Als schließlich mehr und mehr Leute die Bäckerei betraten, um Backwaren zu kaufen oder so wie er einen Kaffee zu trinken, stand er auf, bezahlte an dem Tresen sein Frühstück und verließ das Haus.
Was sollte er nun unternehmen? Durch die Straßen wandeln und das Leben vor und in den Geschäften beobachten? Oder sollte er in den aufblühenden Kurpark gehen, den Vögeln bei ihren hellen Gesängen lauschen und sich in das weiche, saftgrüne Gras legen? Heute war es angenehm warm und so würde die Erde seinen Körper nicht allzu sehr auskühlen. Vielleicht zeigte aber auch das Meer heute eine neue Schönheit... Davon hatte er schon so viele unbeschreibliche Facetten gesehen und kein Tag, an dem er durch den Sand gewandelt war, war gleich gewesen. Für den Basssänger war es faszinierend, all diese Gesichter des Meeres mitzuerleben.
Schon bei diesem Gedanken wusste Avriel, dass seine Entscheidung bereits gefallen war. Wie von allein hatten ihn seine Füße während seiner Gedankengänge zu den Dünen hingetragen, sodass er mit einem leichten Lächeln auf den Lippen nur noch seine Schuhe und Strümpfe auszuziehen brauchte.

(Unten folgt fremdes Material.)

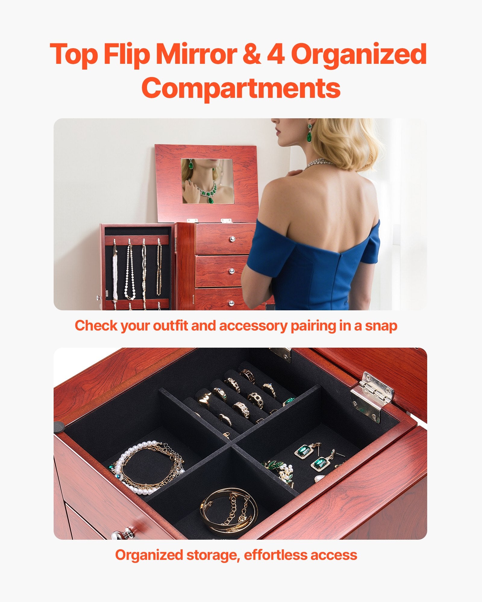 - Top Flip Mirror: The flip-open mirror and 4-compartment tray with ring slots provide instant visibility and easy access, making jewelry pairing effortless and elegant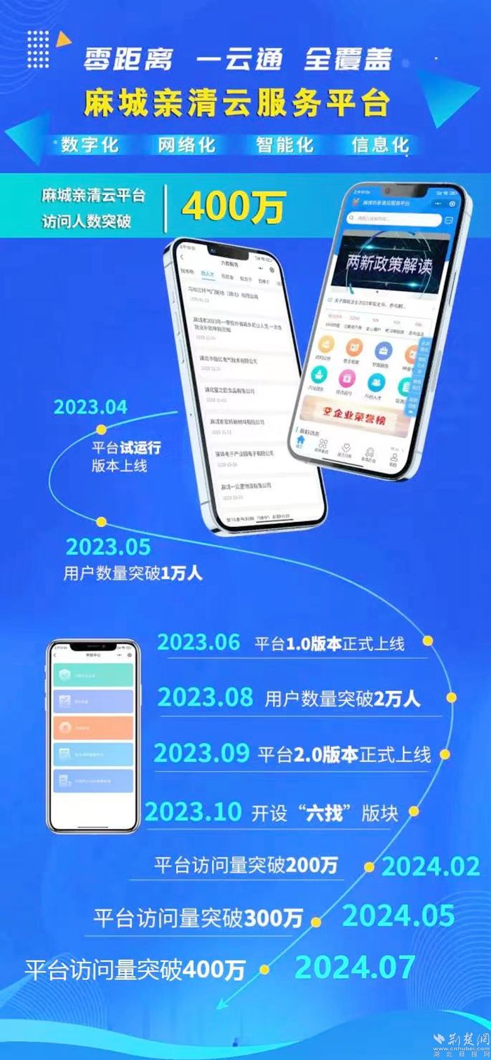 荆楚网(湖北日报网)讯(通讯员 曾晓春)8月5日,笔者从麻城市获悉,截至目前,该市创新打造的“亲清云服务平台”,注册用户近2.3万人,注册企业608家,平台总访问量突破400万人次,完成项目申报数1332个,发布各类惠企信息712条。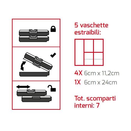 All'interno, 5 contenitori di due dimensioni differenti permettono di
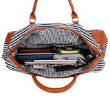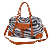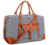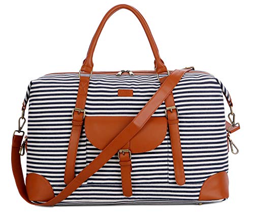 BAOSHA Oversized Canvas PU Leather Travel Tote Duffel Bag Carry on Weekender Overnight Bag for Women and Ladies

Als Avi Kaplan dies getan hatte, bewegte er sich durch den kühlen, hellen Sand auf das still daliegende Meer zu. Genüsslich sog er den frischen Duft des Salzwassers, der in der Luft lag, ein, so wie er es die vergangenen Wochen immer wieder getan hatte.
Heute zeigte sich der Himmel in seiner reinsten Farbe und gestattete der Sonne, das tiefblaue Wasser durch ihren Glanz zu einem lebhaften Funkeln zu bringen.

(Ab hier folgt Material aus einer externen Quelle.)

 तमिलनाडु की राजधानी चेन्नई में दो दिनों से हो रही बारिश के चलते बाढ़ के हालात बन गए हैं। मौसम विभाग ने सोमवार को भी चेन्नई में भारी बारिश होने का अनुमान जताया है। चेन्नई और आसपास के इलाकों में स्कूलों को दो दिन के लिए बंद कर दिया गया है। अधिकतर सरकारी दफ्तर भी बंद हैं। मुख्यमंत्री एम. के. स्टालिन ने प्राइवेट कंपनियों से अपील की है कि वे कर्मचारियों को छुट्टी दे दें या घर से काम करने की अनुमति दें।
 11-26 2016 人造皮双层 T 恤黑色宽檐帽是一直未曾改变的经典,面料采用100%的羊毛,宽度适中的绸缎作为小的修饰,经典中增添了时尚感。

Glücklich trug er seine Lederschuhe mit sich den Strand entlang und genoss dabei die Wärme des Tages auf seinem Rücken und seinen Händen. Der Mann mit den halblangen, braunen Haaren, die auch bei diesem freundlichen Wetter noch mit einer Mütze bedeckt waren, schlenderte seelenruhig seinen Weg am Strand, der innerhalb der letzten zwei Wochen schon zu einer Gewohnheit geworden war, entlang. Die meiste Zeit schaute er seinen Füßen dabei zu, wie sie sich bei jedem Schritt im feinkörnigen Sand vergruben, sich dieser an seine Zehen schmiegte und sich die nackten Füße schließlich wieder von ihm befreiten. Doch gelegentlich hob Avi Kaplan auch seinen Blick, der dann über Dünen, Muscheln und das Meer streifte. Dabei entdeckte er nach einiger Zeit eine Person, die es sich am Rande der Dünen gemütlich gemacht hatte. Es dauerte nicht lang, bis er die fuchsrot glänzenden Haare dieser erkannte.
Der Sänger musste schmunzeln. Es war Sina.

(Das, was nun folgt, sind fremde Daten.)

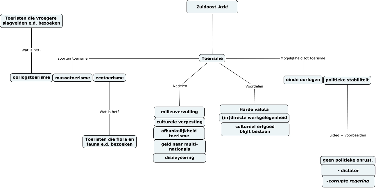 Deze Concept Map heeft informatie gerelateerd aan: 2 Zuidoost-Azië als vakantieland, Toerisme soorten toerisme massatoerisme, Toerisme Nadelen milieuvervuiling, oorlogstoerisme Wat is het? Toeristen die vroegere slagvelden e.d. bezoeken, Toerisme Mogelijkheid tot toerisme einde oorlogen, politieke stabiliteit uitleg + voorbeelden geen politieke onrust., ecotoerisme Wat is het? Toeristen die flora en fauna e.d. bezoeken, Zuidoost-Azië Toerisme, Toerisme Voordelen Harde valuta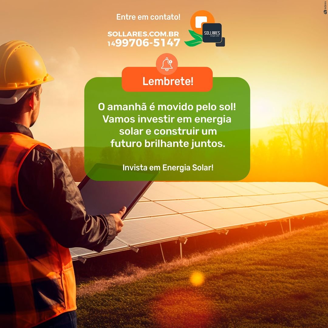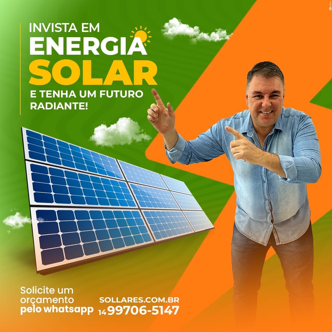 Sollares Energia Solar – Ourinhos | Fornecedor de Equipamentos e Soluções de Energia Solar Fotovoltaica Mais de 20 anos em tecnologia. Desde 2014 somos referência em energia solar, com mais de 7 000 clientes gerando sua própria energia em Ourinhos e região. ✅ Venda e instalação de painéis solares residenciais e comerciais ✅ Engenharia certificada pelo CREA – projetos homologados ✅ Manutenção e limpeza especializada de sistemas fotovoltaicos ✅ Financiamento e assessoria completa – frete e homologação grátis Economize até 95 % na conta de luz e contribua para um futuro sustentável. Pensou em energia solar? Conte com a Sollares Energia Solar – Ourinhos. 📞 (14) 99706‑5147 |

Gemächlich bewegte er sich weiter voran und kam ihr dabei immer näher. Avriel nahm wieder ihre unverwechselbare Ausstrahlung wahr, die ihm schon zweimal gut getan hatte.
Du bist in Deutschland, um deine Ruhe zu haben, nicht um dich zu verlieben., hörte er auf einmal die Stimme seiner besten Freundin in seinem Kopf widerhallen.
Augenblicklich verschwand sein vorher so freudiges Lächeln. Sollte er zu ihr hingehen, oder vielleicht doch weiter seinen Weg entlanglaufen und sie ein für alle Mal vergessen? Er war sich nicht sicher.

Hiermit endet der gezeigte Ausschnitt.